**Work required:**
Output all the data exactly. Pictures do not belong in the copy.

**Raw data:**
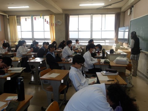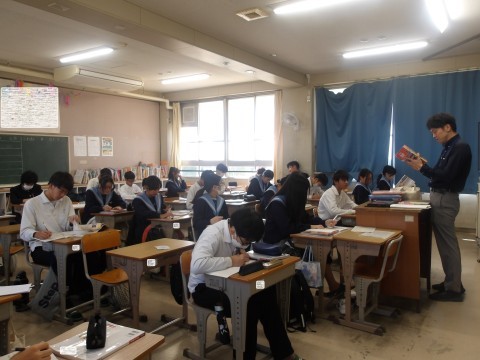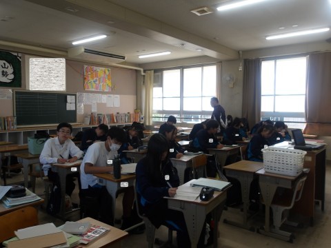 昨日に引き続き音楽の授業では合唱曲の歌唱テストを行っています。
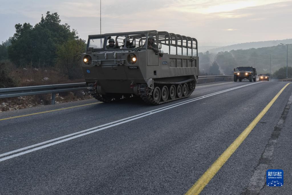 10月8日,以色列軍用車輛在北部靠近黎巴嫩邊境區域的道路上行駛。
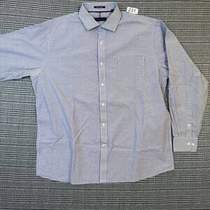 Tommy Hilfiger Men's Dress Shirt Blue Cotton Wrinkle Resistant Size XL
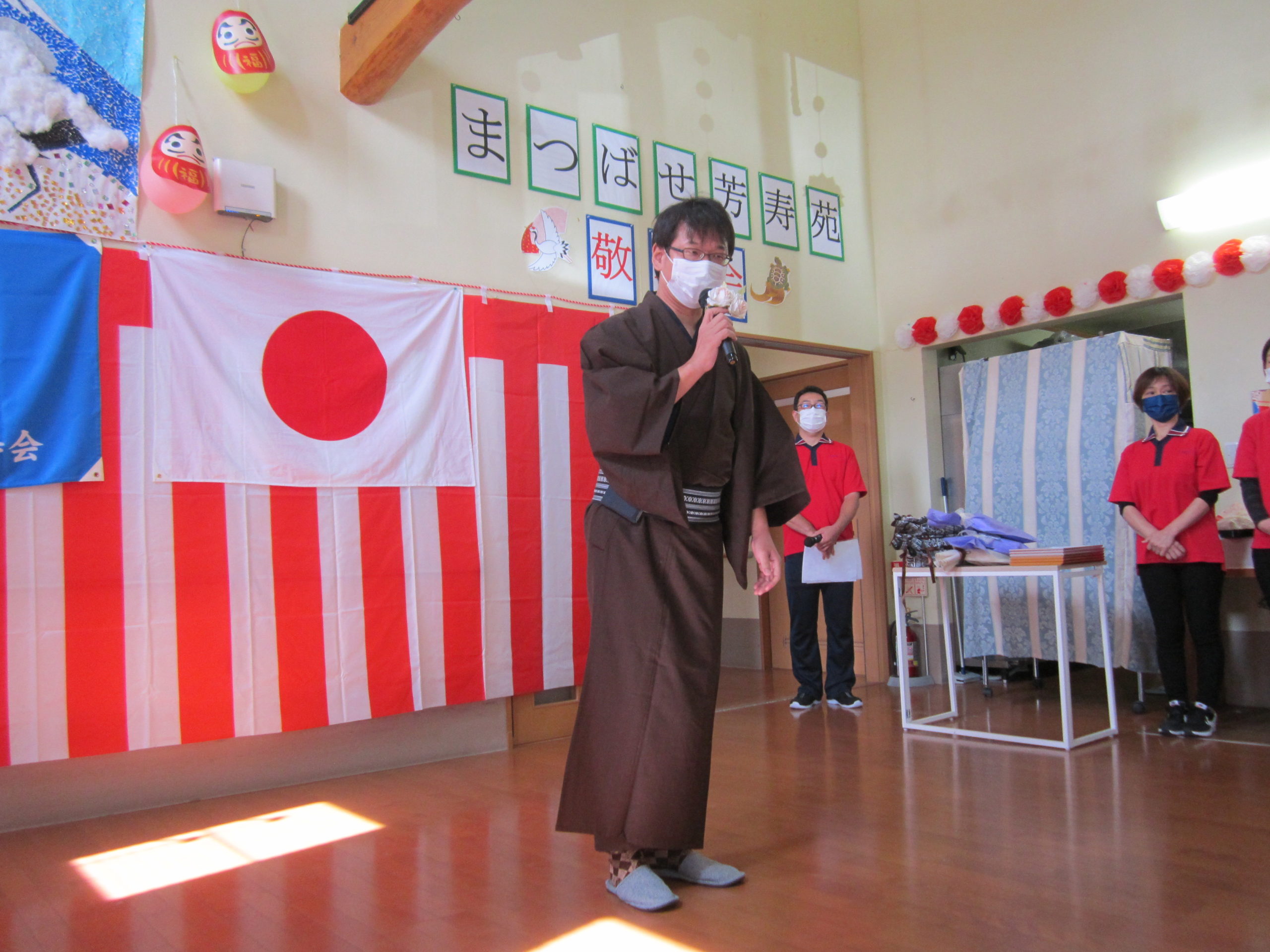 その後は、施設長より入居者様全員へのお礼の言葉を贈らせていただき、敬老会の式典は終了です。^^

**Response to this exercise:**
 昨日に引き続き音楽の授業では合唱曲の歌唱テストを行っています。
 10月8日,以色列軍用車輛在北部靠近黎巴嫩邊境區域的道路上行駛。
 Tommy Hilfiger Men's Dress Shirt Blue Cotton Wrinkle Resistant Size XL
 その後は、施設長より入居者様全員へのお礼の言葉を贈らせていただき、敬老会の式典は終了です。^^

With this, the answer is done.